Fifty male Sprague–Dawley rats (6 weeks old) were obtained and housed under controlled environmental conditions with a 12 h light–dark cycle, ambient temperature of 22 °C–24 °C, and free access to food and water. All animals underwent a 1 week acclimatization period prior to experimental procedures. All experimental protocols were approved by the Biomedical Research Ethics Committee of Hunan Normal University (Approval No. 2021345) and were conducted in accordance with institutional guidelines for the care and use of laboratory animals.

After acclimatization, rats were randomly assigned to a normal control group (NC, n = 10) or a diabetes induction group (n = 40). Rats in the NC group were fed a standard laboratory diet, whereas rats in the diabetes induction group were fed a high-fat diet for 4 weeks. Following this period, rats were fasted overnight (∼12 h) and administered a single intraperitoneal injection of streptozotocin (STZ; 35 mg/kg body weight), freshly dissolved in citrate buffer. Rats in the NC group received an equivalent volume of citrate buffer.

Fasting blood glucose was measured from the tail vein on days 3 and 8 after STZ injection using a handheld glucose meter. Rats with fasting blood glucose ≥7.8 mmol/L on both occasions were considered successfully diabetic and were included in subsequent experiments.

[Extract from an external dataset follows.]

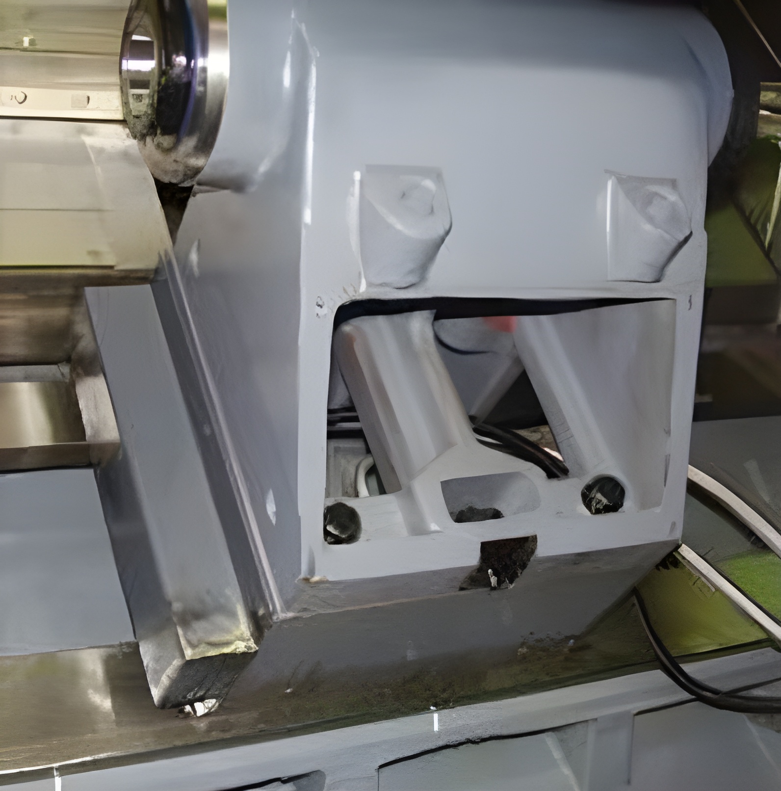 Цельная станина с углом наклона 45° изготовлена из модифицированного чугуна – механита с внутренними ребрами жесткости. Такая конструкция станины обеспечивает лучшую устойчивость, жесткость, гашение вибраций. Так же наклонная станина занимает меньшую площадь, что позволяет легко удалять стружку и эксплуатировать станок.

Successfully modeled diabetic rats were randomly allocated into four groups: diabetes control (DC, n = 10), diabetes aerobic exercise (DA, n = 10), diabetes resistance exercise (DR, n = 10), and diabetes combined aerobic–resistance exercise (DAR, n = 10). Rats in the NC and DC groups did not undergo exercise intervention. All animals had ad libitum access to food and water throughout the experimental period. Body weight and fasting blood glucose were recorded weekly.

Exercise intervention was conducted using a motorized animal treadmill (ZH-PT, HuaiBei ZhengHua Biological Instrument Co., Ltd., China). Prior to formal training, rats in the DA, DR, and DAR groups completed a 3 day adaptation period at 10–15 m/min for 30 min/day to familiarize them with treadmill running.

For aerobic exercise, rats in the DA group ran at a speed of 17 m/min, corresponding to moderate-intensity aerobic exercise in rodents. For resistance exercise, rats in the DR group ran at 15 m/min while carrying progressively increased external loads attached to the tail. Load intensities were set at 10% of body weight during weeks 1–2, 30% during weeks 3–4, 50% during weeks 5–6, and 70% during weeks 7–8. Each resistance training session consisted of repeated running bouts separated by brief rest intervals. This protocol was designed to provide a load-dominant mechanical stimulus during locomotion and, consistent with rodent treadmill-based resistance models, necessarily retained an endurance component rather than representing an isolated resistance paradigm.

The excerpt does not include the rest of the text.